The first story is a front pager, albeit below the fold, about Speaker Hastert and his inner circle with respect to their dealing with the Foley issue. I’m not concerned or interested at all in the specifics of the story as they relate to “Foley-gate,” rather I found a couple of comments much more worthy of exploration. At several times the article notes that Hastert is the leader of the GOP caucus and that his focus has been on running that group as opposed to being the leader of the House of Representatives. For example, the article notes that “[e]ven Hastert’s defenders acknowledge that his top priority as speaker has been protecting the GOP majority, not investigating the president or his own caucus.” A couple of other quotes, one from a Democrat and one from a Republican, seem to bear this observation out.
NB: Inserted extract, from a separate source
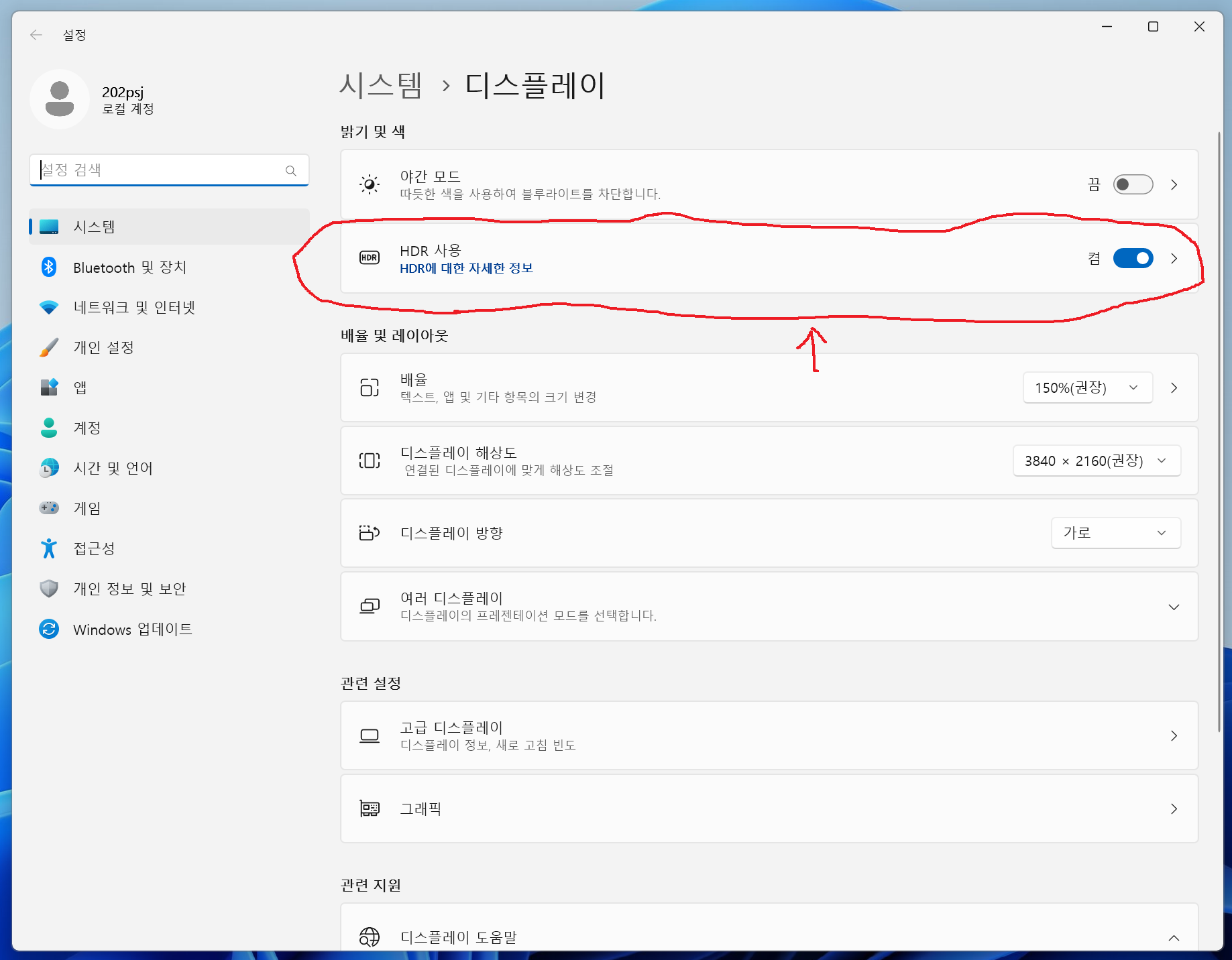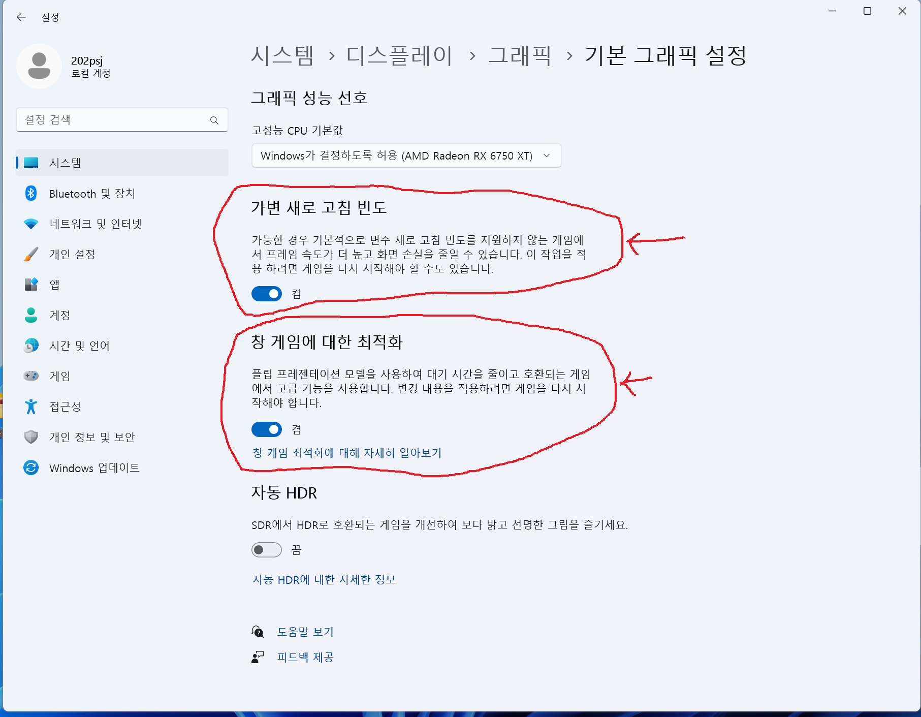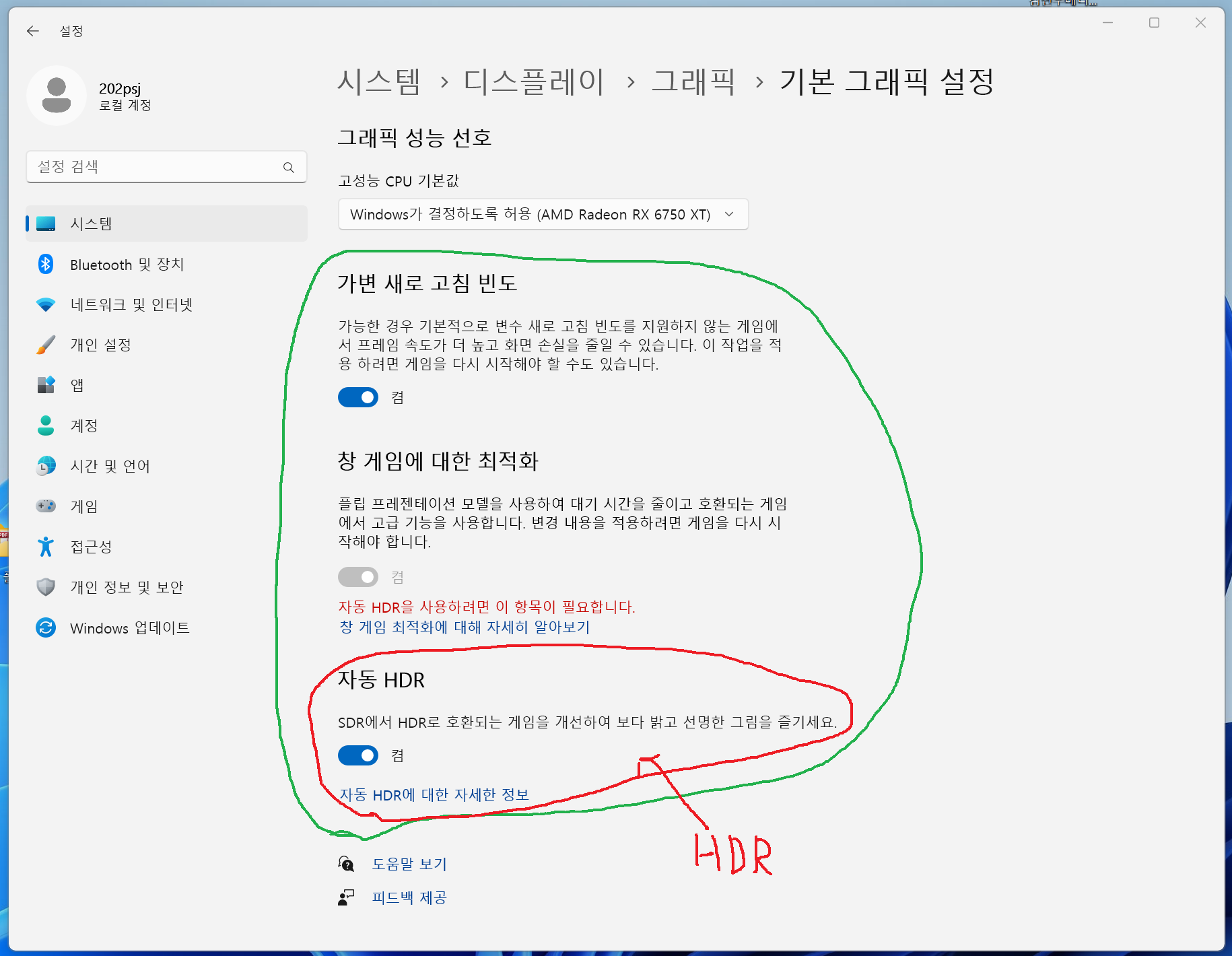 HDR 기능을 활성화 하는김에 "가변 새로 고침 빈도", "창 게임에 대한 최적화" 의 기능도 활성화 해주면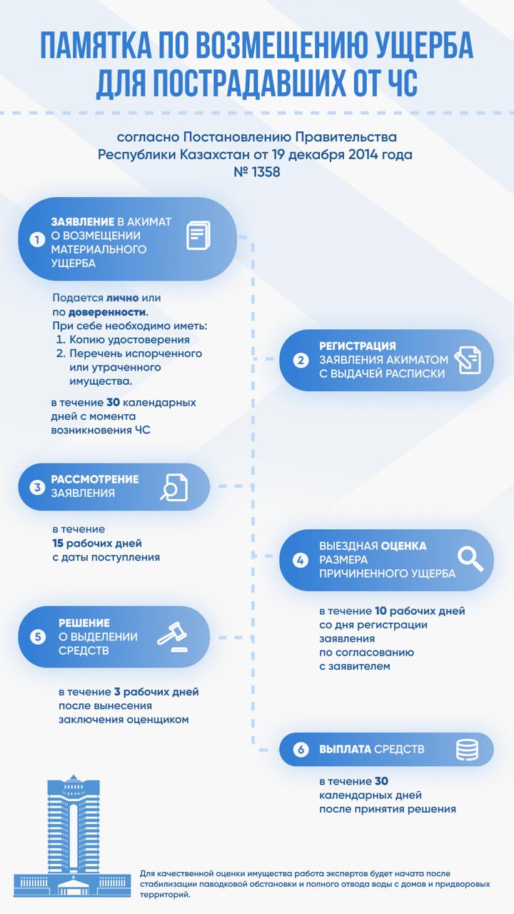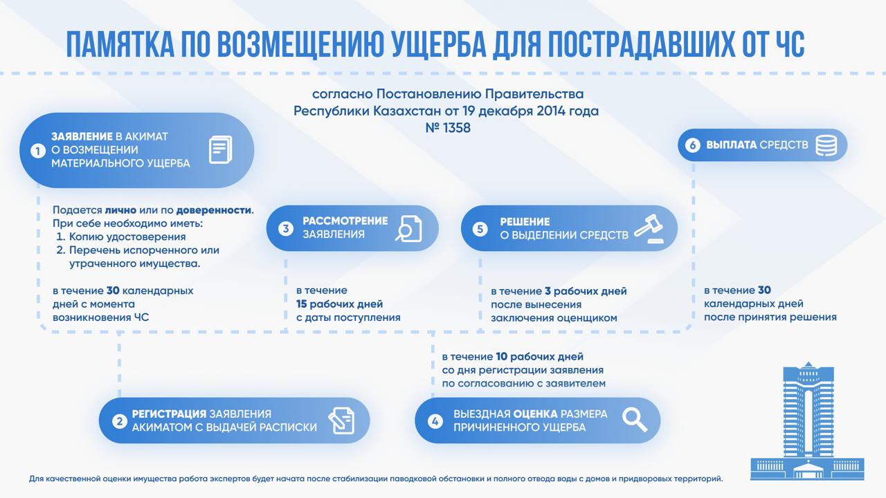 - Пострадавшие, понесшие материальный ущерб, в течение 30 календарных дней со дня возникновения ЧС представляют в местный исполнительный орган (акимат) заявление о возмещении материального ущерба.

According to Rham Emmanuel (D-Ill), “[w]hen it’s come to a choice between the integrity of the House or the Republican majority, he's always put his thumb on the scale to protect the majority.” According to Grover Norquist, “… everyone knows he represents the caucus agenda, not his own agenda.”
The shift from viewing the role of Speaker first as the leader of the House and then as caucus or party leader, to Speaker as party leader and then, when it’s politically convenient, as leader of the House, has been one of many examples of the decline of “institutionalism” that I’ve witnessed over the last 6 years. Perhaps much of this decline is due to the fact that the President and the Congress are led by members of the same party. While that may explain some of the decline, I’m not convinced that it explains all, or even most, of it. Rather, what seems to be happening is a general lack of interest and understanding of the roles that our respective institutions qua institutions are supposed to have in our tri-partite system of separation of powers. More depressing, at least for people like me -- who see Congress (and to a lesser extent state legislatures) as the cornerstone of a republic like ours – is that the other institutions (SCOTUS and the President) don’t appear to be suffering from the same institutional malaise. One often hears the President speak of “the Presidency,” or more broadly, what is in the best interest of the Executive Branch, which he is the constitutionally appointed leader. Similarly, if one pays close attention to the Court, you’d find similar sentiments coming from the Office of the Chief Justice, who is the constitutionally appointed leader of the Judiciary, and the only named officer in Article III of the Constitution. Conversely, one never, or hardly ever, hears anyone, not the Speaker, Senate Majority Leader, or anyone else; speak about the House or the Senate as a body independent of the current political party that is currently in control. (I suppose one could point to the debates over the so-called “nuclear option,” where there was some mention of the “good of the Senate,” but outside of that I challenge anyone to find me examples of concern for the body itself)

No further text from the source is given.